Monday, January 4, 2010

You Know Him

Desks full of unfinished paperwork
Tired eyes, hair cut weeks over due
Gabardine slacks or jeans
Professors, department heads, teachers
Of poetry and prose who
Know all about romance with tenure
Modernism, language, commas
The Beowulf of their dreams, Plath,
August Wilson, the Lenore Prize

He was like that
A pleasant sort who used to box
Before the college got him
Tenure wore him down
Political correctness whipped him
Numbness collared his heart
Bills for the spendthrift wife
Who chain-smokes and forgets to say thank you
Ate his soul

I entertained him with stories
He wanted to know about the egg exercise
I used in class and the penguins
What about the penguins?
What Delmore Schwartz said in the Orange Café?
What was that thing about William Carlos?
The Wheelbarrow? And I went along.
Made a few bucks but I wasn’t going to get on the shelf
I knew that, although he said he’d help

He took me on temporary full time
Something I understand quite well
And I was good, very good he said
He hired me again for one last semester
And I gave the job one more shot

Until the day he stepped in my
Temporary office and sat hands
Clasped in mild sweat
Elbows on knees
And told me how he’d been to that
San Francisco Beatnik bar I told him about
He’d seen my picture with the Wild Bunch
Even had a beer and by the way
Although he didn’t say by the way.
He said, you didn’t make the full time cut
He sort of smiled, then we talked
About nothing in particular for awhile.

That’s the way it is
When life gets tangled in myth
That isn’t yours and the third eye
Lives in its own shadow.
Can’t cut to the chase.
These tired guys just rummage the desks.
Play the newest toy and the old
Text slips in with faces that blend.
Faces that smile behind lives
They don’t dare live
And fear they have no name for.
People who don’t quite
Fit the story they teach
To begin with.

I sat in the empty room
Thinking about black timeless nights
The lonely road from Albuquerque to Kingman
Sitting on the motel porch
With the owner and his wife
Drinking coffee and how
They drove me across the California line
To save me fatigue and grief.
I thought about the day I stepped out of the car
Just southeast of Winnemucca and gazed across the barren land
With a touch of humility and wonder and said
To no one, My God people walked to get here.

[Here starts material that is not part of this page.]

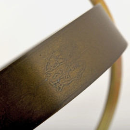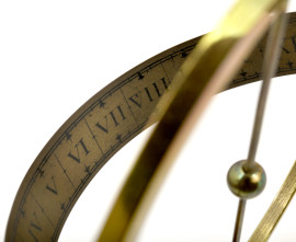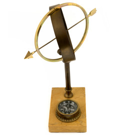 Strumento scientifico in ottone e ferro composto da un anello graduato per la misurazione del calendario solare montato su supporto verticale e dotato di una freccia. Alla base in marmo è integrata una bussola. XIX secolo, cm 26x12x8, (difetti)

Late that night I stood outside the casino in Wells
Staring up to the highway and rock
Where the great trucks groaned by
And the steel night rolled on.
One of those nights when you step out of time
Relax, and know the awe of just being.
While the little old lady inside
Punched quarters in the machine
Sipped on her greyhound and puffed
Those non-filtered cigarettes.

As for him, you know him.
He dove back to his desk
His papers and his toys.

1 Comments:

At December 16, 2011 at 8:15 PM , Blogger Brinyjudy said...

6th verse rings so true--"That's the way it is when life gets tangled in myth that isn't yours.. faces that smile behind lives they don't dare live." It feels good to deftly untangle and state the straight story. I Know Him/ Her.